Activity: The goal here is an exact copy of the entries below, without their pictures.

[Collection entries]
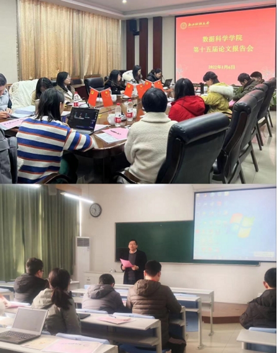 本届论文报告会分为统计学和应用数学两个专场。统计学专场报告由曾菊英教授主持,徐丽笑、项莹、项思佳、罗文雅4位教师介绍了他们的研究工作,分别就“高质量发展视域下创新要素空间配置效应的统计测度”“21世纪以来中国高技术产业全球价值链空间结构变迁”“Statistical learning based on modal regression”“Revised BDS test and its application”等问题,与参会教师进行了广泛的讨论和交流。应用数学专场报告由张永全教授主持,吴鹏、方诚、李群、王毅4位教师依次作了报告,分别就“Dynamical analysis and optimal control of a three-age-class HIV/AIDS epidemic model in China”“Quantile Control Method (QCM) with Stata”“An efficient nonmonotone adaptive cubic regularization method with line search for unconstrained optimization problem”“多智体群体合作行为机制的研究”等专题,与参会教师进行了深入的探讨和交流。
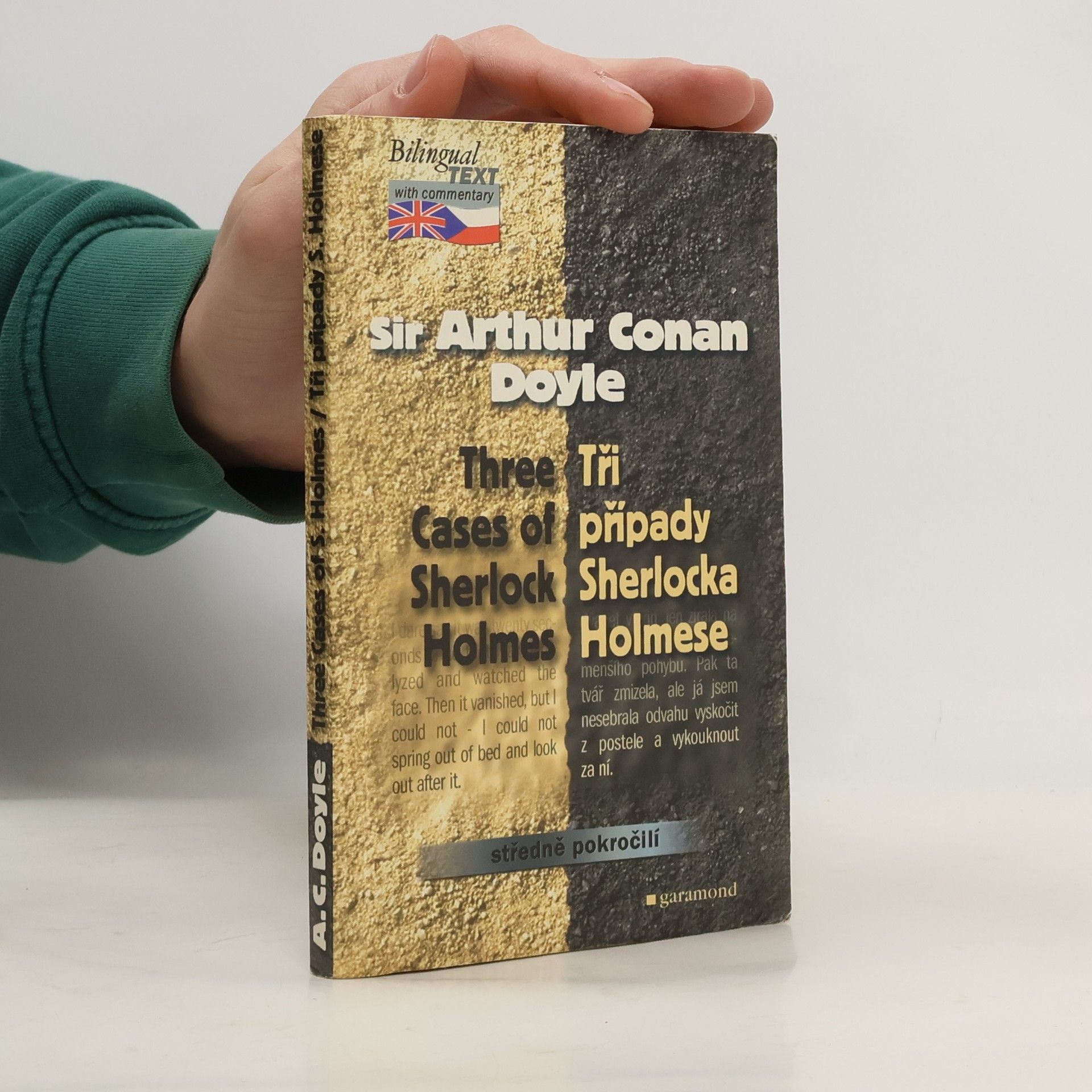 Tři holmesovské případy Lví hříva, Podnájemnice v závoji a Šplhající muž v dvojjazyčném vydání opatřeném lexikálním a gramatickým komentářem.
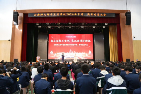 春和景明,万物新生。遥望盛夏,信心绽放。2026年3月20日,云南师大附中呈贡学校精心筹备并成功举办了以“跃马扬鞭逐梦想,乘风破浪赴新程”为主题的2026届中考、高考动员大会。出席大会的有特邀嘉宾矣进宏、云南师大附中党委书记王英、学校各级领导、年级主任,以及高三、初三年级全体师生和家长代表们。
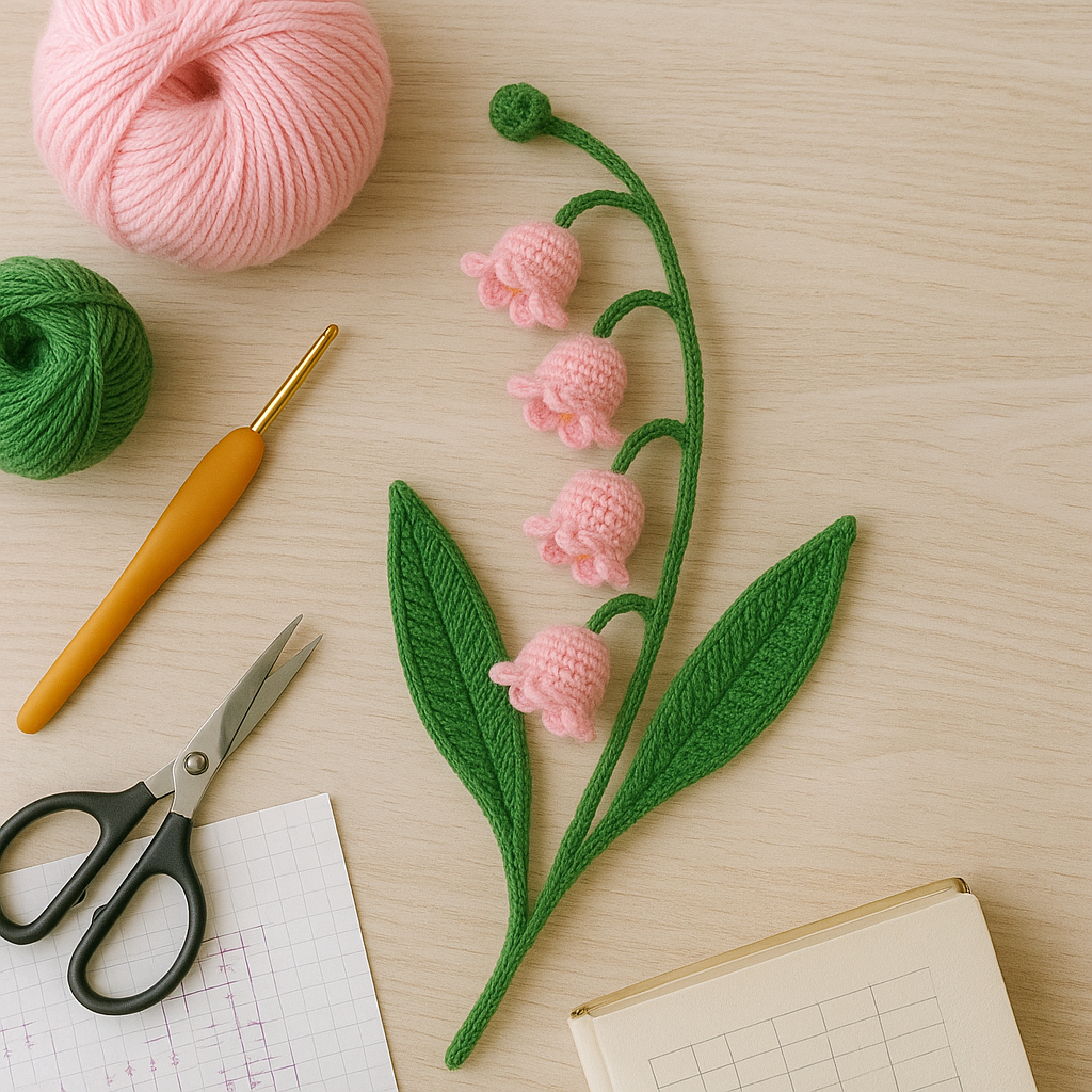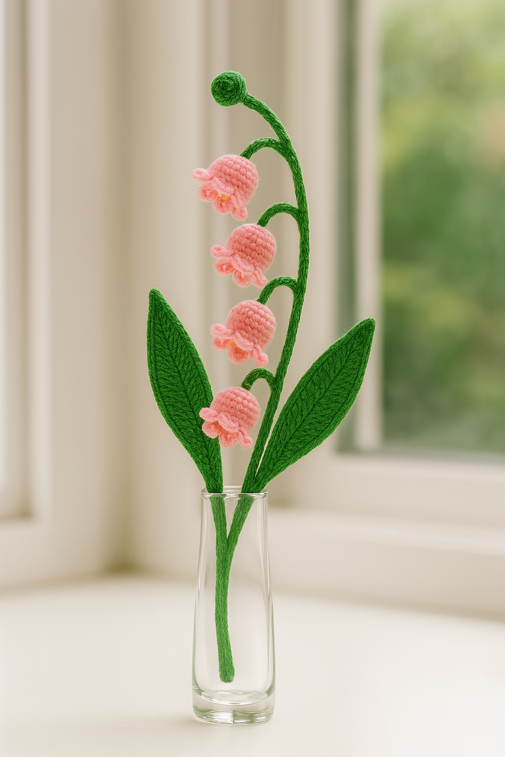 Add a touch of handcrafted beauty to your space with this crochet Lily of the Valley-inspired wool flower. Featuring four delicately stitched pink bell blooms, two detailed green leaves, and a sturdy yet flexible green stem, this crochet stem captures the essence of spring with warmth and style.
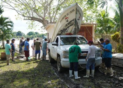 Durante el día, Daniel Cortina también se reunió con pescadores, voluntarios y empresarios para organizar cuadrillas de apoyo dedicadas a la limpieza de casas afectadas, fortaleciendo así la coordinación y el trabajo en equipo para avanzar con mayor rapidez en la recuperación de las zonas dañadas.

Finished exercise:
 本届论文报告会分为统计学和应用数学两个专场。统计学专场报告由曾菊英教授主持,徐丽笑、项莹、项思佳、罗文雅4位教师介绍了他们的研究工作,分别就“高质量发展视域下创新要素空间配置效应的统计测度”“21世纪以来中国高技术产业全球价值链空间结构变迁”“Statistical learning based on modal regression”“Revised BDS test and its application”等问题,与参会教师进行了广泛的讨论和交流。应用数学专场报告由张永全教授主持,吴鹏、方诚、李群、王毅4位教师依次作了报告,分别就“Dynamical analysis and optimal control of a three-age-class HIV/AIDS epidemic model in China”“Quantile Control Method (QCM) with Stata”“An efficient nonmonotone adaptive cubic regularization method with line search for unconstrained optimization problem”“多智体群体合作行为机制的研究”等专题,与参会教师进行了深入的探讨和交流。
 Tři holmesovské případy Lví hříva, Podnájemnice v závoji a Šplhající muž v dvojjazyčném vydání opatřeném lexikálním a gramatickým komentářem.
 春和景明,万物新生。遥望盛夏,信心绽放。2026年3月20日,云南师大附中呈贡学校精心筹备并成功举办了以“跃马扬鞭逐梦想,乘风破浪赴新程”为主题的2026届中考、高考动员大会。出席大会的有特邀嘉宾矣进宏、云南师大附中党委书记王英、学校各级领导、年级主任,以及高三、初三年级全体师生和家长代表们。
 Add a touch of handcrafted beauty to your space with this crochet Lily of the Valley-inspired wool flower. Featuring four delicately stitched pink bell blooms, two detailed green leaves, and a sturdy yet flexible green stem, this crochet stem captures the essence of spring with warmth and style.
 Durante el día, Daniel Cortina también se reunió con pescadores, voluntarios y empresarios para organizar cuadrillas de apoyo dedicadas a la limpieza de casas afectadas, fortaleciendo así la coordinación y el trabajo en equipo para avanzar con mayor rapidez en la recuperación de las zonas dañadas.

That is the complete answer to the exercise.